California Driver License Lookup
Jun 14, 2009 - California Driver's License Numbers and the CPRA. Q: Must a public agency provide driver's licenses of business owners it licenses? Losing your California drivers license may seem like the worst, but we got you! They'll also need a valid form of identification to go along with their licensing.
Bm11d service manual. This is really scary. Now you can see anyone's Drivers License on the Internet, including your own!
I just searched for mine and there it was, picture and all. I don't think this is a good idea at all!!! I think we should write our congressperson! This is not good but I thought I should pass it along.
Check your drivers license. Ghost 11 5 exe dos program. Now you can see anyone's Driver's License on the Internet, including your own! I just searched for mine and there it was.
Picture and all!! Thanks Homeland Security! Where are our rights? I definitely removed mine. I suggest you do the same. Go to the web site and check it out.
Just enter your name, city and state to see if yours is on file. After your license comes on the screen, click the box marked 'Please Remove'. This will remove it from public viewing, but not from law enforcement. Collected via Email, 2002.
The above-quoted examples are not real warnings from concerned and outraged citizens; they’re invitations that solicit “victims” for yet another Internet prank. In this case the joke comes courtesy of a site similar to several other hoax web sites bearing names such as “National Driver’s License Records Bureau” or the “,” sites that purport to show users’ information taken from state driver’s license or law enforcement databases. The punchline is always the same: after the user is led on a merry chase, the site displays a photograph from his “official” government record, and it’s a picture of a chimp, an orangutan, or some other type of monkey or ape. Perhaps more amusing than this old joke (I had a circus clown take my “photograph” with a prop camera when I was six years old, and that one turned out to be a picture of a monkey too!) is the amount of mail forwarded to us by alarmed readers who have received similar messages and are worried that they’re genuine but are afraid to check for themselves.

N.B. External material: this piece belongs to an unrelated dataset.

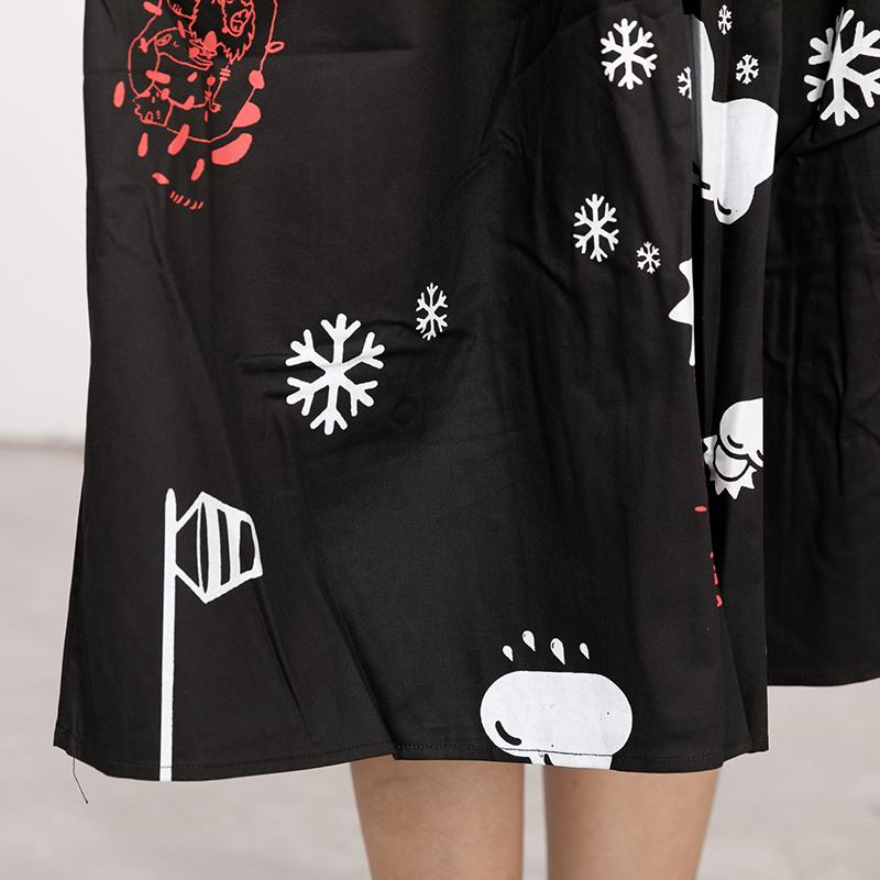 Printed Polo Collar Long Sleeve Cotton Pleated Dress
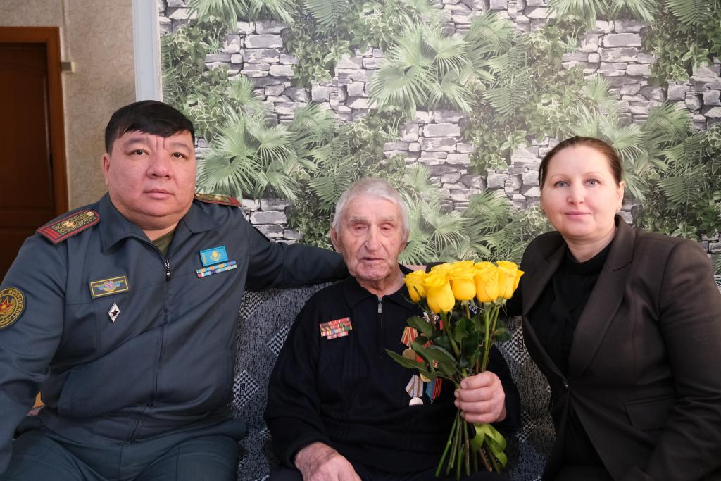 Фронтовика Василия Ивановича Григораша в день его 99-летия навестили военнослужащие департамента по делам обороны Павлодарской области и представители местных исполнительных органов.

Simply visiting one of these sites and attempting to look up a “record” is sufficient to dispel the concern that they might be real (if for no other reason than that they don’t ask for nearly enough information to uniquely identify a person), but many viewers are hesitant to try for fear that the information they enter will be collected by someone who might use it for illegitimate (or even illegal) purposes. To this dilemma we offer a handy solution: You can lie to a computer! If you’re unsure whether a site that collects personal information (and displays even more personal information in response) is legitimate, just enter some fictitious but properly-formatted input and see what happens. If it’s a joke, you’ll soon find out; if the results are inconclusive, you are no worse off than you were before (and you haven’t revealed anything useful in trying). If the site rejects your information (even though it’s properly formatted), that may be an indication the site is indeed tied into a database that can access personal information and merits further investigation.